GSVA package for Python

These details have not been verified by PyPI

Project links

Homepage

Project description

pygsva: Gene Set Variation Analysis in Python

Gene Set Variation Analysis (GSVA) is a powerful gene set enrichment method designed for single-sample analysis. It enables pathway-centric analyses of molecular data by shifting the functional unit of analysis from individual genes to gene sets. This approach is particularly useful for bulk microarray, RNA-seq, and other molecular profiling data types, providing a pathway-level view of biological activity.

Overview

GSVA transforms an input gene-by-sample expression data matrix into a gene-set-by-sample expression data matrix, representing pathway activities. This transformed data can then be utilized with classical analytical methods such as:

Differential Expression
Classification
Survival Analysis
Clustering
Correlation Analysis

Additionally, GSVA enables pathway comparisons with other molecular data types, such as microRNA expression, binding data, copy-number variation (CNV), or single nucleotide polymorphisms (SNPs).

Performance

Version 0.2.0 includes significant performance optimizations with vectorized NumPy operations:

Method	Small (1K×100)	Medium (5K×200)	Large (10K×500)
GSVA (Gaussian)	0.5s	4.2s	31.6s
GSVA (none)	0.2s	1.5s	10.9s
ssGSEA	0.2s	1.1s	7.1s
PLAGE	0.4s	2.1s	7.2s
Z-score	0.1s	0.5s	1.1s

For very large datasets (19,000 genes × 1,500 samples), GSVA with kcdf='Gaussian' completes in ~4 minutes (previously 52 minutes).

Methods

The pygsva package provides Python implementations of four single-sample gene set enrichment methods:

1. PLAGE (Pathway Level Analysis of Gene Expression)

Reference: Tomfohr, Lu, and Kepler (2005)
Standardizes expression profiles over the samples.
Performs Singular Value Decomposition (SVD) on each gene set.
The coefficients of the first right-singular vector are returned as pathway activity estimates.

2. Z-Score Method

Reference: Lee et al. (2008)
Standardizes expression profiles over the samples.
Combines standardized values for each gene in a gene set.

3. ssGSEA (Single-Sample Gene Set Enrichment Analysis)

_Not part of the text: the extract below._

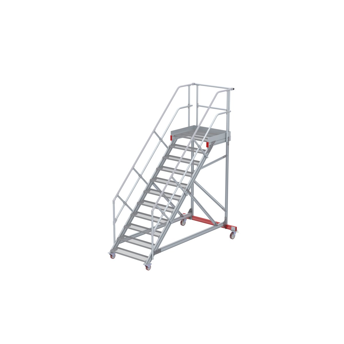 Wartungsbühne 45° mit 11 Stufen 1000 mm breiteuroline – der sichere AufstiegMobile – Wartungsbühnen als sicheres und flexibles Arbeitsmittel. Geeignet für Arbeiten an großen Maschinen, Containern, Nutzfahrzeugen oder Regalen. Durch die leichtgängigen Lenkrollen können die Wartungsbühnen flexibel und einfach an verschiedene Einsatzorte transportiert werden.Diese Wartungsbühnen sind in der Standardausführung für unterschiedliche örtliche Gegebenheiten in zahlreichen Ausführungen verfügbar, welche Sie in unseren Empfehlungen verlinkt finden. Die hervorragend verarbeitete Steigtechnik Produktserie mit wählbaren Steigungswinkeln (45° für einen bequemen Aufstieg, 60° für beengte Platzverhältnisse) verschiedene Höhen und 3 Standard Stufenbreiten (600 mm, 800 mm, 1000 mm), vereinen Sicherheit und Flexibilität. Als Standard – Stufenausführungen haben Sie die Wahl zwischen Stufen in Alu-gerieft…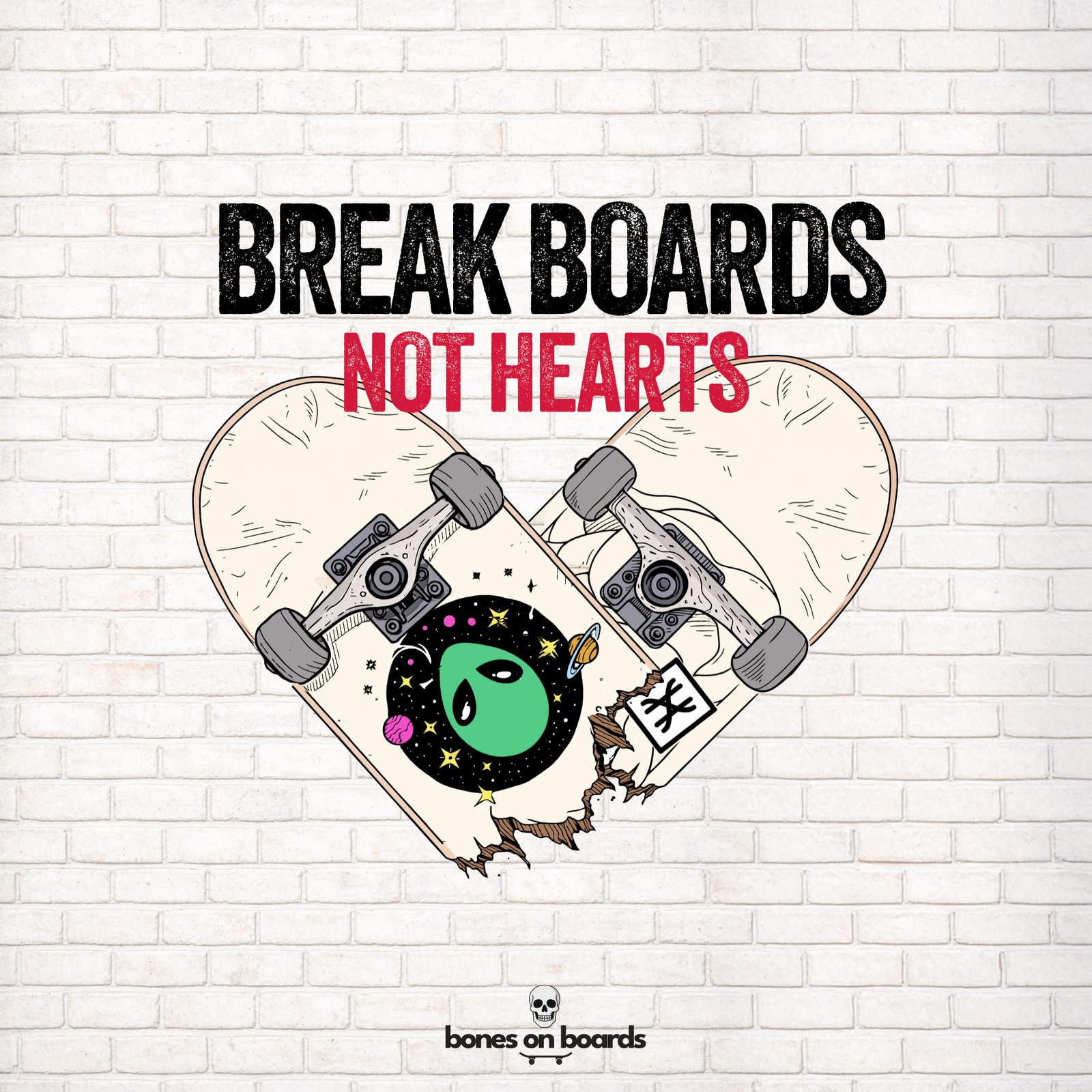 Break Boards, Not Hearts is a digital poster with a clear statement: don’t break hearts; break boards instead!

Reference: Barbie et al. (2009)
Calculates enrichment scores as the normalized difference in empirical cumulative distribution functions (CDFs) of gene expression ranks inside and outside the gene set.
By default, the pathway scores are normalized by dividing them by the range of calculated values.

4. GSVA (Default Method)

Reference: Hänzelmann, Castelo, and Guinney (2013)
A non-parametric method using empirical CDFs of gene expression ranks inside and outside the gene set.
Calculates an expression-level statistic to bring gene expression profiles with varying dynamic ranges to a common scale.

Installation

# Install from PyPI
pip install pygsva

# Or install from source
git clone https://github.com/guokai8/pygsva
cd pygsva
pip install .

Usage

from pygsva import *

# Load example data
hsko = load_hsko_data()
pbmc = load_pbmc_data()
gene_sets = {key: group.iloc[:, 0].tolist() for key, group in hsko.groupby(hsko.iloc[:, 2])}

# GSVA (default method)
param = gsvaParam(pbmc, gene_sets=gene_sets, kcdf="Gaussian", n_jobs=4)
result = gsva(param)

# For faster computation on large datasets, use kcdf="none"
param_fast = gsvaParam(pbmc, gene_sets=gene_sets, kcdf="none", n_jobs=4)
result_fast = gsva(param_fast)

# ssGSEA
result_ssgsea = ssgsea(pbmc, gene_sets, n_jobs=4)

# PLAGE
param_plage = plageParam(pbmc, gene_sets=gene_sets, min_size=2)
result_plage = gsva(param_plage)

# Z-score
param_zscore = zscoreParam(pbmc, gene_sets)
result_zscore = gsva(param_zscore)

Key Parameters

kcdf: Kernel for cumulative distribution function estimation
- "Gaussian": Standard GSVA with Gaussian kernel (default)
- "Poisson": For count data (RNA-seq)
- "none": Empirical CDF only (fastest, recommended for large datasets)
n_jobs: Number of CPU cores for parallel processing (-1 for all cores)
min_size/max_size: Filter gene sets by size
use_sparse: Use sparse matrix operations for memory efficiency

References

If you use any of the methods in this package, please cite the corresponding articles:

Tomfohr, Lu, and Kepler (2005) - Pathway Level Analysis of Gene Expression (PLAGE)
Lee et al. (2008) - Z-Score Method
Barbie et al. (2009) - Single Sample Gene Set Enrichment Analysis (ssGSEA)
Hänzelmann, Castelo, and Guinney (2013) - Gene Set Variation Analysis (GSVA)

License

This project is licensed under the MIT License. See the LICENSE file for details.

Contact

For any questions please contact guokai8@gmail.com or https://github.com/guokai8/pygsva/issues

Project details

These details have not been verified by PyPI

Project links

Homepage

Release history Release notifications | RSS feed

This version

0.2.0

Feb 1, 2026

0.1.7

Dec 6, 2024

0.1.6

Dec 6, 2024

Download files

Download the file for your platform. If you're not sure which to choose, learn more about installing packages.

Source Distribution

pygsva-0.2.0.tar.gz (175.5 kB view details)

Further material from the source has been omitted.